CXCL9cDNA clones are full length sequence confirmed and expression validated. There are 13 kinds of tags for each CXCL9 of different species, especially GFP tag, OFP tag, FLAG tag and so on. There are three kinds of vectors for choice, cloning vector, expression vector and lentivrial expression vector.
CXCL9ELISA Kit are quality controlled by 8 internation QC standard which guarantee every ELISA Kit with high quality.

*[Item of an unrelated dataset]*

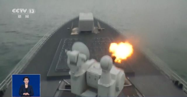 剛剛到達(dá)預(yù)定海域,無錫艦雷達(dá)就發(fā)現(xiàn)海上目標(biāo),官兵立即進(jìn)入戰(zhàn)斗狀態(tài)。鎖定目標(biāo)后,無錫艦主炮連續(xù)開火成功摧毀海上目標(biāo)。此時(shí),雷達(dá)發(fā)現(xiàn)空中目標(biāo)來襲。雷達(dá)鎖定目標(biāo)后,副炮迅速對(duì)空中目標(biāo)進(jìn)行打擊。同時(shí),無錫艦連續(xù)發(fā)射多枚干擾彈,并快速機(jī)動(dòng)規(guī)避。

Chemokine (C-X-C motif) ligand 9 (CXCL9), also known as Monokine induced by gamma interferon (MIG), is a small cytokine belonging to the CXC chemokine family. The function of this chemokine has not been specifically defined; however, it is thought to be involved in T cell trafficking. CXCL9/MIG functions as one of the three ligands of chemokine receptor CXCR3 which is a G protein-coupled receptor found predominantly on T cells. CXCL9/MIG, together with CXCL10 and CXCL11, may activate CXCR3 by binding to it. CXCL9 serves as a cytokine that affects the growth, movement, or activation state of cells that participate in immune and inflammatory response. It has been observed that tumour endothelial cells secrete high levels of CXCL9 in all, and CXCL10 in most melanoma metastases. Experiment data represent novel mechanisms by which tumour cells in melanoma metastases might use the chemokine-expressing endothelium to leave the tumour and eventually to form additional metastases at distinct sites. Experiment results also improved that CXCL9/MIG plays an important role in CD4+ T lymphocyte recruitment and development of CAV, MOMA-2+ macrophages are the predominant recipient-derived source of CXCL9/MIG, and recipient CD4 lymphocytes are necessary for sustained CXCL9/MIG production and CAV development in this model. Neutralization of the chemokine CXCL9/MIG may have therapeutic potential for the treatment of chronic rejection after heart transplantation.